* **AIM OF THE EXERCISE**
Working from the start of the listing, please write out exactly the lines through the one that holds "虽然室外寒风凛冽,但是暖暖的", both included, and omit all pictures.

Start of INFORMATION SUPPLIED

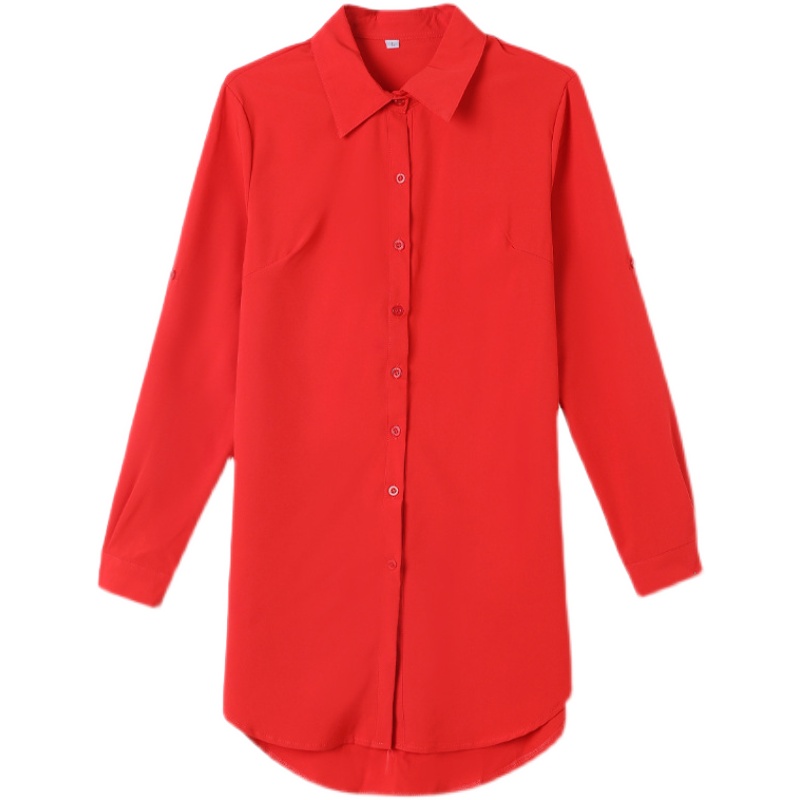 衬衫女士中长款大码女装长袖性感上衣大红色洋气打底衫雪纺衬衣裙
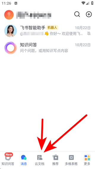 1、打開飛書APP,點擊底部云文檔,進入云文檔頁面。
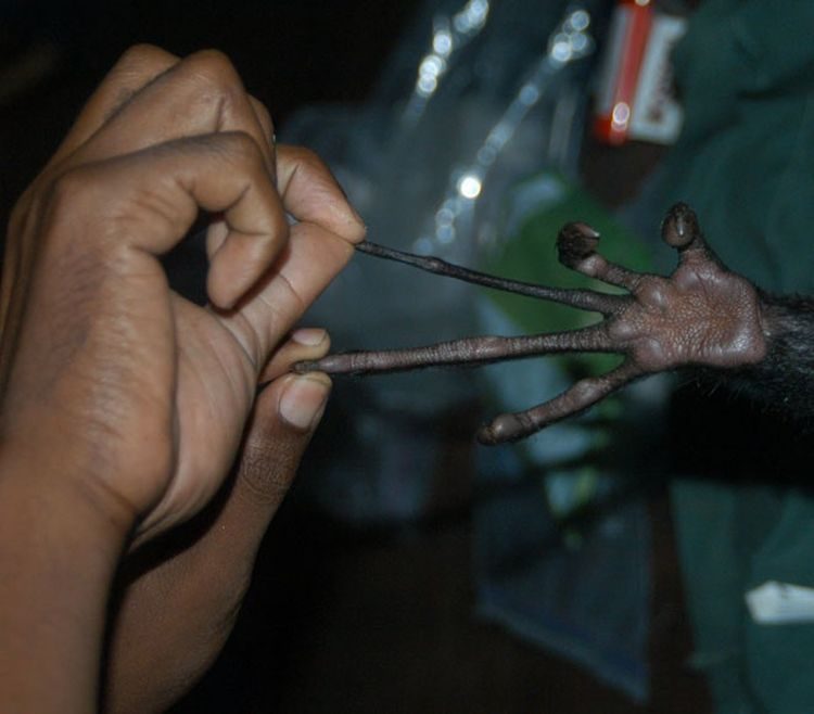 На среднем пальце руки два последних сустава длинные, тонкие и не покрыты волосами. Руконожка пользуется этим пальцем, чтобы простукивать древесину в поисках полых мест и извлекать из трещин коры жуков и других насекомых
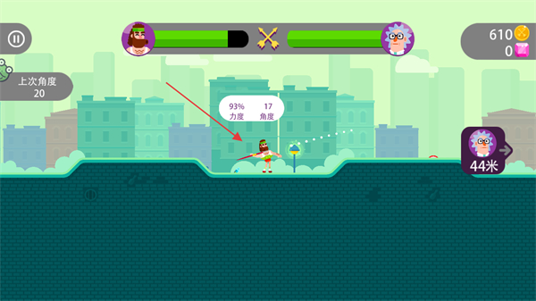 2、拉動(dòng)角色,調(diào)整力度角度,依據(jù)93%力度、17角度等信息,瞄準(zhǔn)后射出箭矢。
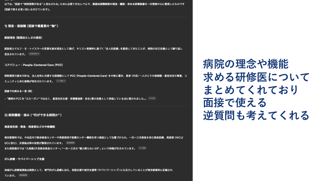 #52. 病院の理念や機能 求める研修医について まとめてくれており 面接で使える 逆質問も考えてくれる
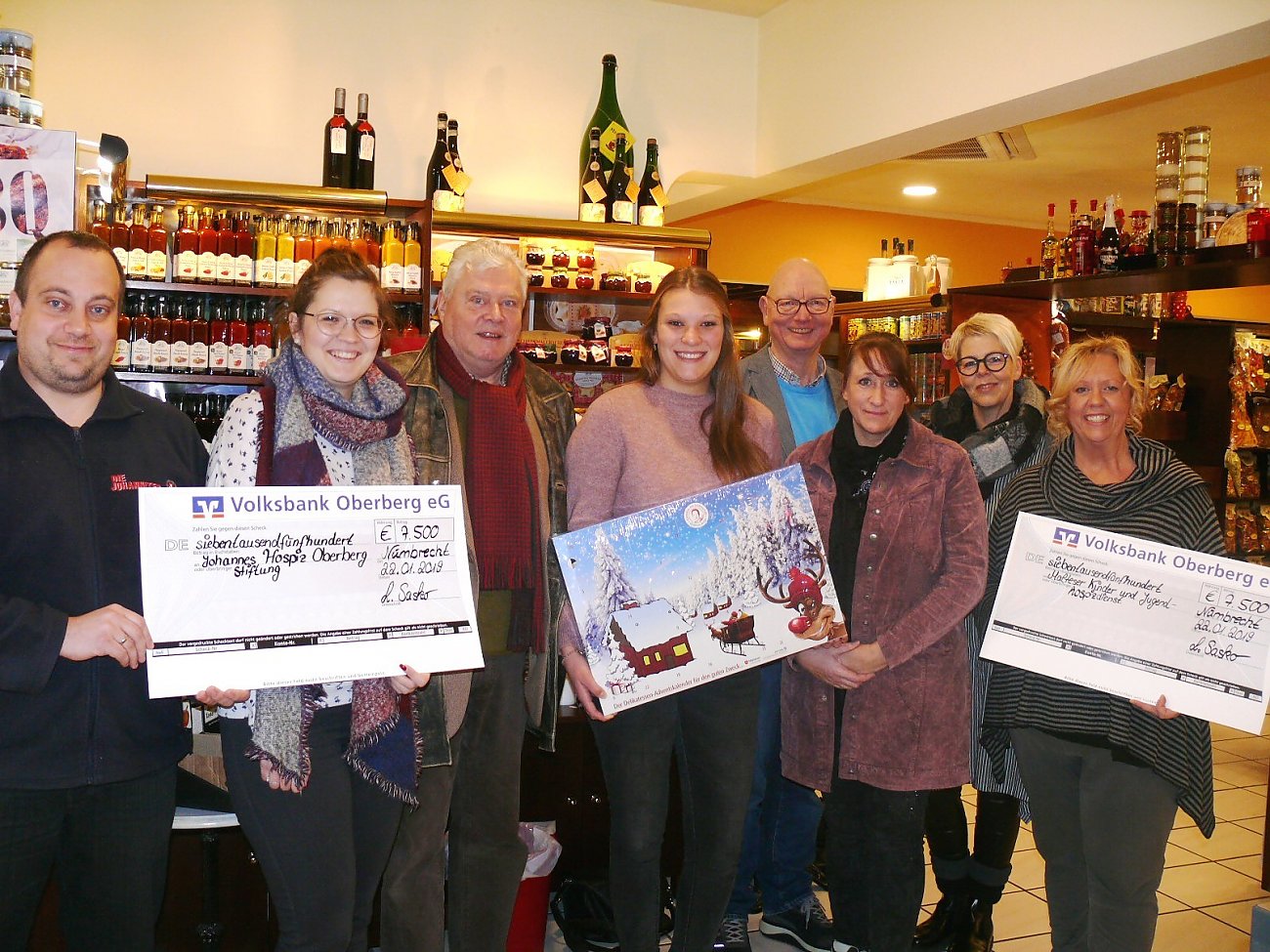 Mit ihrer zweiten Weihnachtskalender-Aktion für die gute Sache erzielten die Auszubildenden der Firma Delikatessen Wolfram Berge einen stattlichen Gesamterlös über 15.000 Euro. Über die daraus resultierenden Spenden von jeweils 7500 Euro freuten sich jetzt der Ambulante Kinder- und Jugendhospizdienst Aggertal der Malteser und die Johannes-Hospiz Oberberg Stiftung.
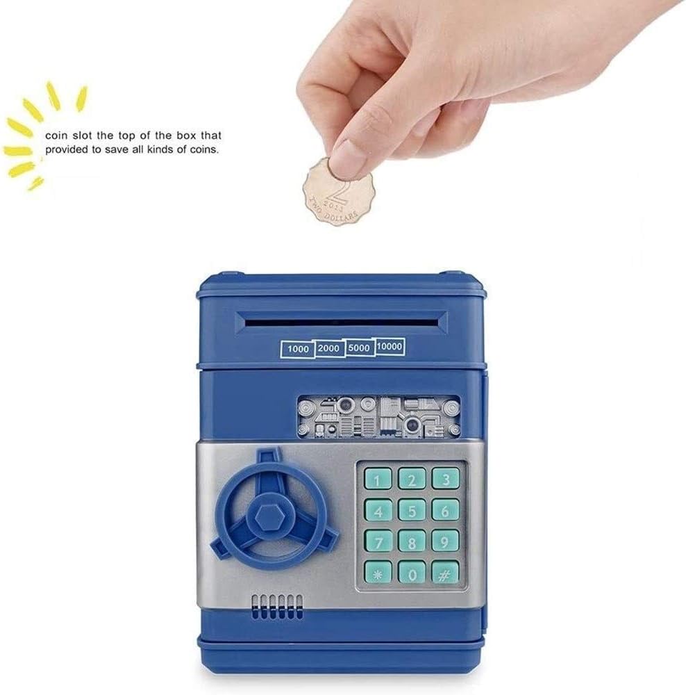 Alta capacità: è possibile conservare 600 pezzi di monete o 100 pezzi di denaro. Interessante e divertente, un oggetto indispensabile per bambini o regali, aiuta molto a sviluppare il bambino a sviluppare denaro. Password SAFE Money Casella: immettere la password 4 originale, predefinita: 0000, password modificabili Come preferisci, la luce verde sarà accesa, il bancomat può essere aperto. Se si inserisce la password sbagliata, la luce rossa si accende e il suono di "riprova" ti chiederà. Multi -scopo: memorizza in modo sicuro i tuoi soldi, gioielli, documenti, passaporti, cimeli e altro, goditi la tranquillità nel sapere che i tuoi preziosi beni e cose sono bloccati in modo sicuro, adatti per l'uso in una varietà di luoghi: casa, azienda, supermercato, centro commerciale. Materiale: utilizza la plastica ABS ambientale, nessun odore, anti-invecchiamento, durevole, adulti e bambini possono usarlo, grande capacità, dimensioni: 18,5 x 12 cm Peso netto del prodotto: 0,56 kg di potenza per batteria: 3 batterie AA, non incluse. Metodo di montaggio: ci sono fori di montaggio sul retro sicuro e le viti di espansione vengono consegnate. Puoi atterrare liberamente o usare un trapano per trapani.
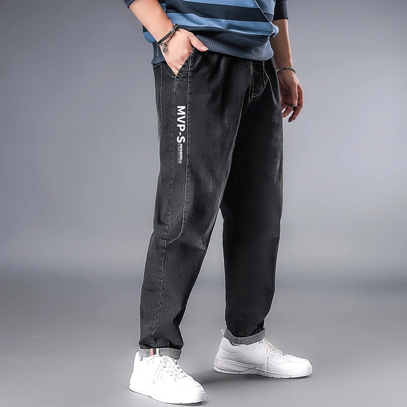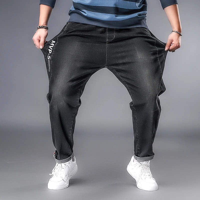 Мужские синие повседневные однотонные прямые джинсовые брюки большого размера 6XL 5XL XXXXL 2020 Мужская Уличная одежда в стиле Харадзюку повседневные джинсовые брюки мужская мода
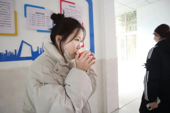 虽然室外寒风凛冽,但是暖暖的姜汤杯握在手心,温暖的姜汤流淌在内心,一个个前来领取姜汤的国务学子们脸上都洋溢着幸福的笑容。大家纷纷表示很感谢学院的温暖,关照以及细致的服务!
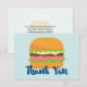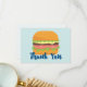 Ett tackkort med en illustration av en enkel hamburgare. Sallat, tomat och köttpotatis. Enkel och utsökt. På baksidan av kortet finns ett meddelande som kan anpassas eller lämnas som det är.

End of INFORMATION SUPPLIED

* **REPLY**
 衬衫女士中长款大码女装长袖性感上衣大红色洋气打底衫雪纺衬衣裙
 1、打開飛書APP,點擊底部云文檔,進入云文檔頁面。
 На среднем пальце руки два последних сустава длинные, тонкие и не покрыты волосами. Руконожка пользуется этим пальцем, чтобы простукивать древесину в поисках полых мест и извлекать из трещин коры жуков и других насекомых
 2、拉動(dòng)角色,調(diào)整力度角度,依據(jù)93%力度、17角度等信息,瞄準(zhǔn)后射出箭矢。
 #52. 病院の理念や機能 求める研修医について まとめてくれており 面接で使える 逆質問も考えてくれる
 Mit ihrer zweiten Weihnachtskalender-Aktion für die gute Sache erzielten die Auszubildenden der Firma Delikatessen Wolfram Berge einen stattlichen Gesamterlös über 15.000 Euro. Über die daraus resultierenden Spenden von jeweils 7500 Euro freuten sich jetzt der Ambulante Kinder- und Jugendhospizdienst Aggertal der Malteser und die Johannes-Hospiz Oberberg Stiftung.
 Alta capacità: è possibile conservare 600 pezzi di monete o 100 pezzi di denaro. Interessante e divertente, un oggetto indispensabile per bambini o regali, aiuta molto a sviluppare il bambino a sviluppare denaro. Password SAFE Money Casella: immettere la password 4 originale, predefinita: 0000, password modificabili Come preferisci, la luce verde sarà accesa, il bancomat può essere aperto. Se si inserisce la password sbagliata, la luce rossa si accende e il suono di "riprova" ti chiederà. Multi -scopo: memorizza in modo sicuro i tuoi soldi, gioielli, documenti, passaporti, cimeli e altro, goditi la tranquillità nel sapere che i tuoi preziosi beni e cose sono bloccati in modo sicuro, adatti per l'uso in una varietà di luoghi: casa, azienda, supermercato, centro commerciale. Materiale: utilizza la plastica ABS ambientale, nessun odore, anti-invecchiamento, durevole, adulti e bambini possono usarlo, grande capacità, dimensioni: 18,5 x 12 cm Peso netto del prodotto: 0,56 kg di potenza per batteria: 3 batterie AA, non incluse. Metodo di montaggio: ci sono fori di montaggio sul retro sicuro e le viti di espansione vengono consegnate. Puoi atterrare liberamente o usare un trapano per trapani.
 Мужские синие повседневные однотонные прямые джинсовые брюки большого размера 6XL 5XL XXXXL 2020 Мужская Уличная одежда в стиле Харадзюку повседневные джинсовые брюки мужская мода
 虽然室外寒风凛冽,但是暖暖的姜汤杯握在手心,温暖的姜汤流淌在内心,一个个前来领取姜汤的国务学子们脸上都洋溢着幸福的笑容。大家纷纷表示很感谢学院的温暖,关照以及细致的服务!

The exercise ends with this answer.